Introduction to the Condominium Market
The Canadian Real Estate Association (CREA) reported a significant rise in condominium prices nationwide between January 2021 and April 2022. However, since the peak in spring 2022, condominium prices have dropped by 12% across the country, with a more pronounced decline of 19% in the Greater Toronto Area (GTA).
The Impact on Buyers
A buyer who purchased a Toronto condo in spring 2022 at the top benchmark price of $730,500 may have only put down 5%, or $36,525, as a deposit. With the current benchmark apartment price at $593,000 (as of April 2025), the initial deposit, plus an additional $100,000, would be wiped out. Furthermore, if the buyer wanted to close the purchase, the selected lender may no longer be willing to finance it.

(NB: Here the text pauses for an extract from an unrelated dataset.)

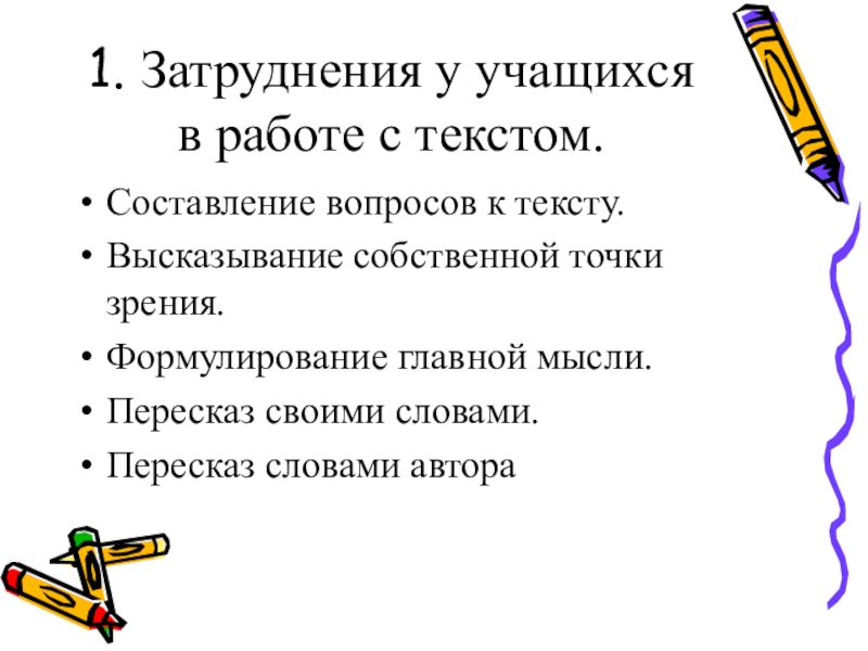 Слайд 21. Затруднения у учащихся в работе с текстом.

Options for Buyers Who Cannot Close
If a buyer is unable to close on their condominium before the building is completed, they have several options to consider.
Selling with a Loss
Lenders typically use the estimated value of a property to determine potential financing. If prices are falling, buyers may find that they cannot borrow as much of the purchase price as they expected. Some real estate developers work with banks to offer financing based on the purchase price, rather than the estimated value. However, this does not change the fact that the buyer may be purchasing an asset that is "underwater" with more debt than value.

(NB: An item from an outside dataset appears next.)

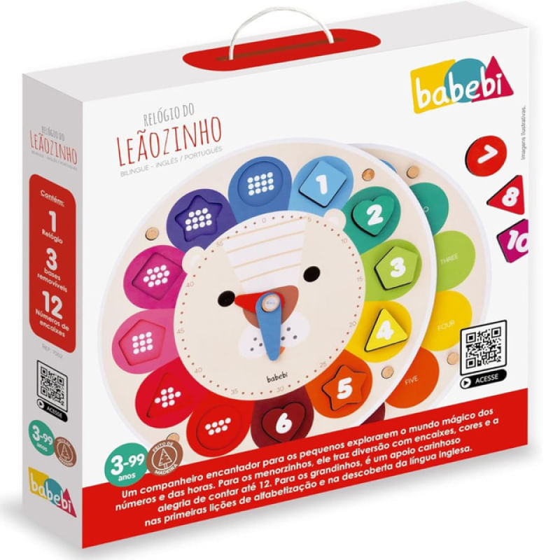 O "Relógio do Leãozinho" é um brinquedo educativo bilíngue (Português e Inglês) que ajuda as crianças a aprenderem as horas de maneira divertida e interativa.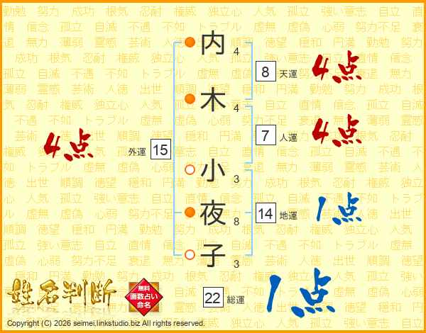 内(4画)木(4画) 小(3画)夜(8画)子(3画)

Alternative Financing Options
Buyers in Canada may be able to find alternative sources of financing, such as savings, loans against real estate they already own, or loans from family or friends. Private lenders may offer more than traditional banks, although with higher interest rates and more fees and restrictions. Another option is to try to sell the unit before closing, known as an assignment sale. However, the buyer’s deposit may be less than the drop in the property’s price, and they may even have to pay the assignee to take over their contract and close the apartment instead.

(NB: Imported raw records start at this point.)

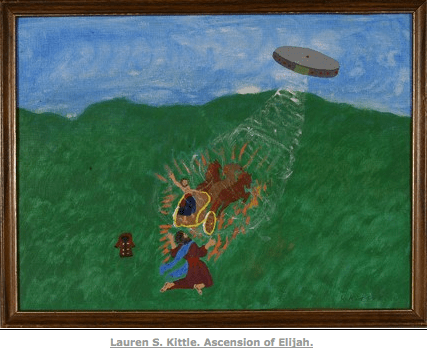 We enjoyed following the Slotin Folk Art auction on-line over the weekend. We even bought a bit of art for Anchovy World Headquarters, including Ascension of Elijah, pictured below, by Lauren S. Kittle.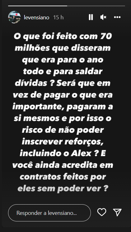 Entraram 70M no clube, em fev/2022, como empréstimo e o dizer da direção era de que tal verba seria utilizada para satisfazer pendências referentes às operações do clube ao longo do ano e entre elas está, claro, a exemplificada acima, pois impacta exatamente nisso.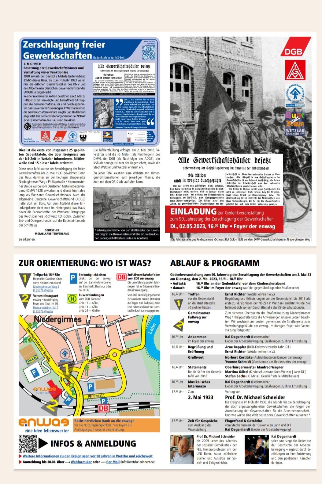 Am 2. Mai 2023 wurde der Zerschlagung der freien Gewerkschaften durch die Nazis vor 90 Jahren gedacht.

Challenges and Considerations
Assignment sales may require approval from the developer and may be subject to additional fees. Selling before closing may not be possible or practical. If a buyer is unable to sell the condominium, even at a loss, and cannot secure a mortgage, they may need to consider other options.
Conclusion
The decline in condominium prices has left many buyers facing significant financial challenges. With prices dropping by 12% nationwide and 19% in the GTA, buyers who purchased at the peak in spring 2022 may find themselves with a significant loss. Understanding the options available, including selling with a loss, alternative financing, and assignment sales, can help buyers make informed decisions and navigate this complex situation. It is essential for buyers to carefully consider their options and seek professional advice to mitigate potential losses and find the best possible solution.